Wenn sowas einmal, sturzbetrunken auf eine Party passiert, ist das ziemlich scheiße. Aber es ist ein Fehler, der menschlich ist.
Wenn du aber über Monate hinweg planst, dich mit jemand anderem zu treffen, Beweise versteckst und deinem Partner regelmäßig ins Gesicht lügst - und dich dafür kein bisschen schämst - gratuliere, dann bist du ein Arschloch.

Seit wann ist es besser einfach drauf loszulegen und dich heimlich mit anderen zu vergnügen, statt über manches zu reden?
Und wenn es gar nicht mehr klappt - dann ist der Person sicher besser mit einem Schlussstrich getan, als wenn sie irgendwann rausfinden muss, dass sie über Jahre hinweg belogen und betrogen wurde.
Wenn du keine monogame Beziehung führen kannst, dann such nicht nach einer. Mach von Anfang an klar, dass du daran nicht interessiert bist.

Ich weiß nicht, warum ich auf das Thema so empfindlich reagiere, denn eigentlich hab ich keine Erfahrungen damit gemacht. Aber jedes Mal, wenn ich sowas lese, dreht sich mir der Magen um. Weil ich, als ansatzweise empathischer Mensch, nicht verstehen kann, wie man sowas in der Öffentlichkeit als gut verkaufen kann - als etwas völlig legitimes, das deiner Beziehung im Endeffekt sogar hilft.

Beziehungen sind kompliziert genug und oft spielen sich Dinge in einer Grauzone ab, aber muss man denn auch noch stolz drauf sein, den anderen zu belügen? Seine Gefühle möglicherweise zutiefst zu verletzten? Nur damit man im Bett mal bekommt, was man will? Für manche Menschen bedeutet so ein Vertrauensmissbrauch, dass er Probleme bekommt sich zu binden, dass er vielleicht nie mehr einem Partner richtig vertrauen kann und gerade jemand, der eine empfindlichere Psyche hat, würde extrem darunter leiden.

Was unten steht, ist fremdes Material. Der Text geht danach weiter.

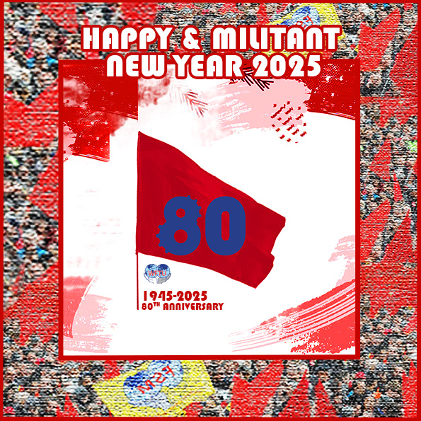 As we get ready to welcome the year 2025, the WFTU continues to stand in militant solidarity with workers in every corner of the world. We extend our unwavering support to peoples resisting exploitation, oppression, and imperialist interventions. Internationalism is our strongest weapon, and we call on all class-oriented unions to strengthen solidarity and unity in the struggle against capitalist barbarity.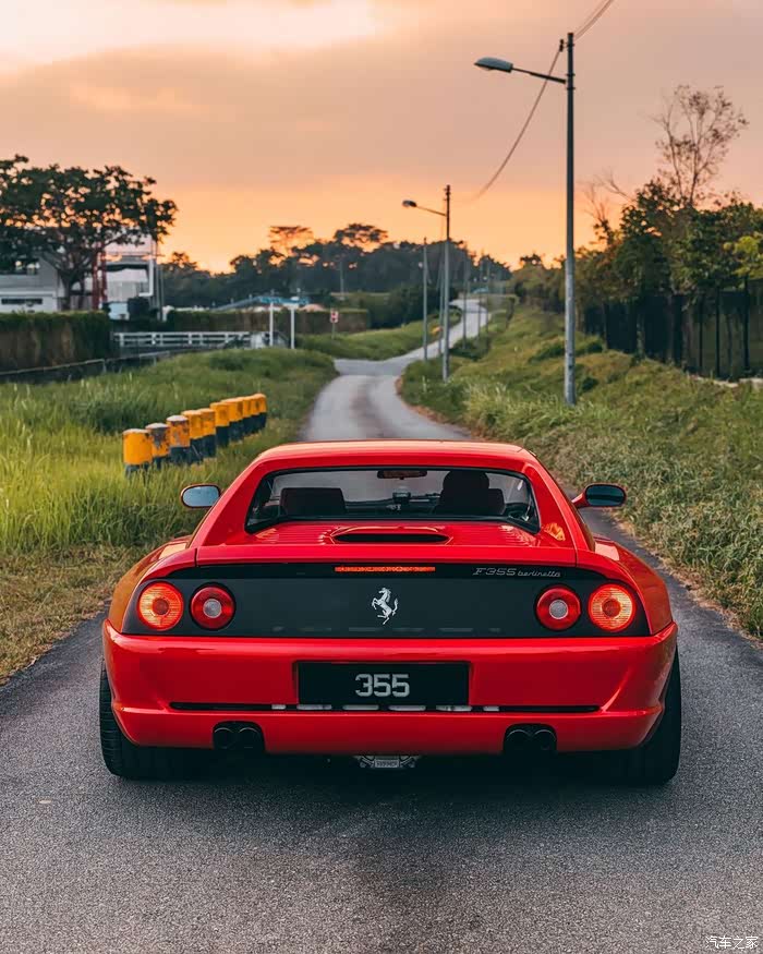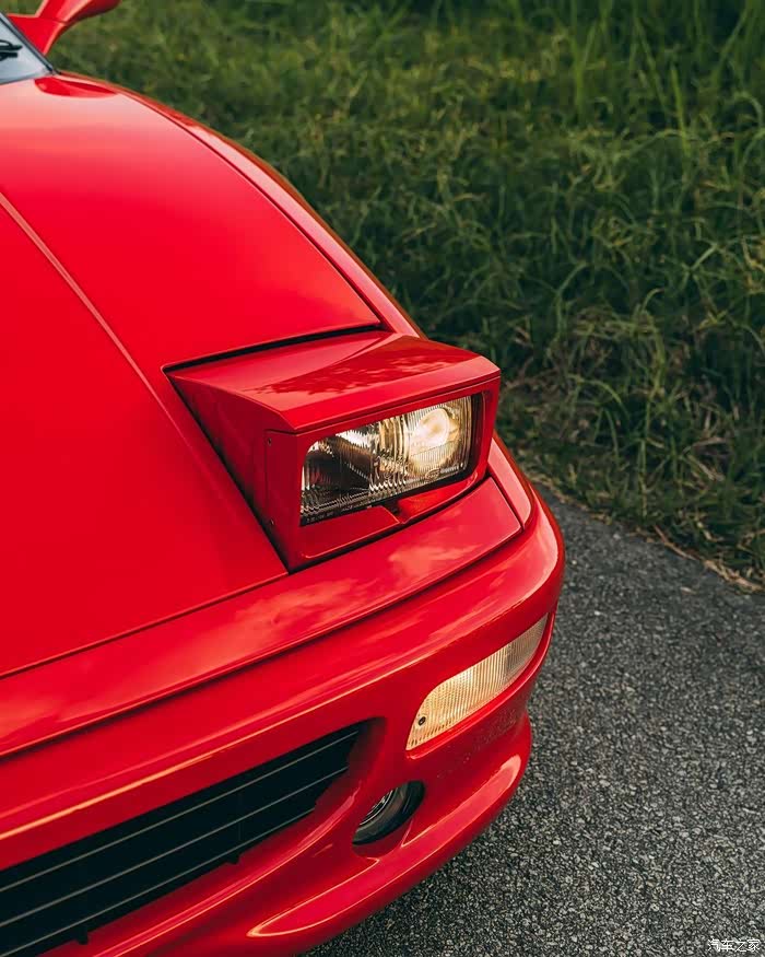 在小路里的法拉利,那骚红的外观设计真是迷人,那前车灯真是独特

Wieso zur Hölle sollte ich stolz drauf sein, dass ich riskiere jemamdem das anzutun?

Die Vorstellung eine Affäre nebenher zu haben, bei voller Zurechnungsfähigkeit gewollt den anderen Tag für Tag zu belügen, mit jemand anderem zu schlafen und und und - ich glaube, ich würde nach fünf Minuten einknicken und könnte mich nie wieder im Spiegel sehen.

Und so sollte es auch sein.

Noch viel trauriger ist, wie normal solche Artikel zu sein scheinen, denn ich hab nie gemerkt, dass sich jemand darüber beschwert.

In einer Zeit, die sich mehr und mehr sexueller Freiheit, Individualität und Akzeptanz zuwendet, ist es da denn wirklich noch nötig sowas zu unterstützen? Wir finden mit einem Klick, mit einer einzigen App tausende Menschen, die unsere Interessen und Wünsche teilen. Wieso sucht man sich dann jemanden, der es nicht tut?

Es ist ja nicht so wie früher, als eine Ehe nicht nur eine Bindung, sondern irgendwo ein Zwang war, weil eine gewisse Abhängigkeit bestand. Du, als Frau (denn an Frauen richten sich diese Artikel ja) bist nicht finanziell von deinem Freund/Mann abhängig.
Wir sind frei und uns steht alles offen.

Wieso nutzen wir das nicht positiv?

Und um noch eine Frage in den Raum zu stellen: Wenn sowas in einem Männermagazin gäbe, würden dann die Feministen von heute aufschreien?
Ich denke nämlich, ja. Denn anscheinend bedeutet Feminismus für viele heute die Freiheit der Frau, die über die der Männer hinaus geht.

Wenn ein Mann etwaw macht, ist es ach so schlimm. Bei Frauen? Ganz was anderes!
Ist es aber nicht. Denn ob mans glaubt oder nicht, Männer leiden auch unter Betrug. Zumindest würde ich das nach dem heulenden Typ, dem seine Freundin mit Fremdgehen das Herz gebrochen hat, mal vermuten.

Diese Gesellschaft verstört mich manchmal echt.